Most A lenders want to see your probation cleared before they'll approve a mortgage, and probation typically runs three to six months. If you're self-employed, expect to provide two years of tax returns and Notices of Assessment. B lenders and monoline lenders are more flexible, but you'll usually pay a higher rate.
All six major banks run newcomer mortgage programs that accept limited or no Canadian credit history. Some examples include RBC Newcomer Advantage, Scotiabank StartRight, CIBC Newcomer to Canada, and more. Most are open to permanent residents who've been in Canada five years or less. Some also serve temporary residents with valid work permits.
What happens when you have no Canadian credit file
Many newcomers do not have a Canadian credit file when they arrive. Your credit history from your home country does not automatically transfer to Canada. Equifax says that if you're a recent immigrant or international student, you "probably don't have a credit history in Canada yet," and that this "can make it hard to qualify for a credit card, an apartment lease, or a car loan."
There are now two workarounds. Equifax launched the Global Consumer Credit File in October 2024, which lets newcomers consent to a Canadian lender accessing their credit history from their country of origin. The service started with India and is expanding to cover about 19 countries where Equifax operates. Nova Credit, a San Francisco-based company, has offered similar global credit data since 2023 and partners with Scotiabank, RBC, BMO, and Rogers.
Neither service replaces a Canadian file. But for newcomers from countries Equifax or Nova Credit cover, your home-country history can factor into a Canadian lending decision from day one.
Your scores can also differ between Equifax and TransUnion. Not all creditors report to both bureaus, and reporting timelines vary. So you might see different results depending on which bureau a lender checks.
How to build both at the same time
Building your credit history and improving your credit score usually involve the same steps. Every action that adds positive information to your file also feeds the score calculation.
What to do, roughly in order:
Month one: open a chequing account, then apply for a secured credit card. Make sure the issuer reports to Equifax, TransUnion, or both. Set up one recurring bill on the card and pay it in full every month.
Months three to six: you should be scoreable by now. Pull your reports from both bureaus and confirm the card is reporting. Equifax offers free reports through its consumer portal. TransUnion reports are available free through Borrowell or Credit Karma.
Months six to twelve: consider a second product.
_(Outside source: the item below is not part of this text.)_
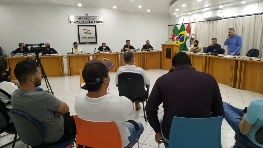 Na noite de segunda-feira, dia 25 de outubro de 2021, na Sala de Sessões Zalmair João Roier Alemão, foi realizada a 34ª Sessão Ordinária da Câmara de Vereadores de Tapejara, presidida pelo senhor Déberton Fracaro o (Betinho) do PDT, pois o Sr. Eduardo de Oliveira do (PSB) não estava apto a continuar a sessão por problema na voz.O Vereador Celso Piffer do (Cidadania), reassumiu sua cadeira no Legislativo após trinta e um dias afastado. Estiveram presente na sessão os representantes da empresa ALPHA AUTOCENTER LTDA, pois o Projeto de Lei do executivo Nº 070/21 que estava em votação, autoriza a Concessão de Direito Real de uso de Imóveis de propriedade do Município de Tapejara e foi aprovada por unanimidade.A sessão ordinária contou com a apreciação e votação de três Projetos de Lei do Executivo, um Projeto de Resolução e dois Requerimentos. Confira:- Requerimento nº 036/2021. O Presidente da Câmara de Vereadores Carlos Eduardo de Oliveira, juntamente com os vereadores abaixo subscritos, em conformidade com o que estabelece o artigo nº 122 e artigo nº 168 do Regimento Interno da casa, REQUER a inclusão imediata na Ordem do dia da Sessão Ordinária do dia 25 de outubro, dos Projetos de Lei do Executivo n° 073 e 74/2021.- Requerimento nº 037/2021. Os Vereadores da situação, Bancadas do PP, PDT e PSB, no uso de suas legais e regimentais atribuições, vem por meio deste requerer a Mesa Diretora dessa Casa Legislativa, que envie convite para a equipe da Urgência e Emergência, para falarem sobre a Urgência e Emergência do Hospital Santo Antônio de Tapejara-Rs. Os convidados terão os 15 (quinze) minutos previstos no artigo 205 do Regimento Interno, para que façam uso da palavra, e, após suas explanações, seja concedido para cada uma das cinco Bancadas, o direito a uma pergunta e resposta, tendo 3 (três) minutos de tempo.- Projeto de Lei do Executivo nº 070/2021. Autoriza a Concessão de Direito Real de uso de Imóveis de propriedade do Município de Tapejara.- Projeto de Lei do Executivo nº 073/2021. Inclui nova Ação na Relação Cadastral de Ações da Lei nº 4504 de 06 de outubro de 2020, que dispõe sobre as Diretrizes Orçamentarias para o exercício de 2021, de acordo com a Lei Federal nº 14017/20 e autoriza abertura de Crédito Especial e dá outras providências. – Projeto de Lei do Executivo nº 074/2021. Inclui a Campanha NATAL ESPERANÇA PREMIADO 2021, dentro do Programa Valoriza Tapejara. – Projeto de Resolução nº 001/2021. Altera a redação do Artigo 24; acrescentar inciso IV ao Artigo 96; Alterar a redação do Artigo 150; acrescentar § 1º e § 2º do Artigo 156, todos do Regimento Interno da Câmara Municipal de Vereadores de Tapejara-RS.

An unsecured card, a small line of credit, or a credit-builder loan from a fintech like Refresh Financial or KOHO. Keep utilization low.
Year one and onward: keep paying on time. Avoid clustering applications. Check your file at least once a year.
Look into rent reporting: If your landlord or a third-party service reports your rent payments to a bureau, that builds your file without requiring any new debt.
The sooner your file has reporting accounts and on-time payments, the sooner your score reflects that.
Where to go from here
If you just arrived, start with the basics: open a bank account, get a secured credit card, and make sure something is reporting to at least one bureau. If you've been here a while but haven't checked your file, pull your reports from both Equifax and TransUnion and see where you stand.
The distinction between score and history matters most when you're early in the process. Over time, as your file fills out, the score catches up. But knowing what each one does, and which one a landlord, lender, or phone company is actually looking at, helps you prepare for the questions before they come up.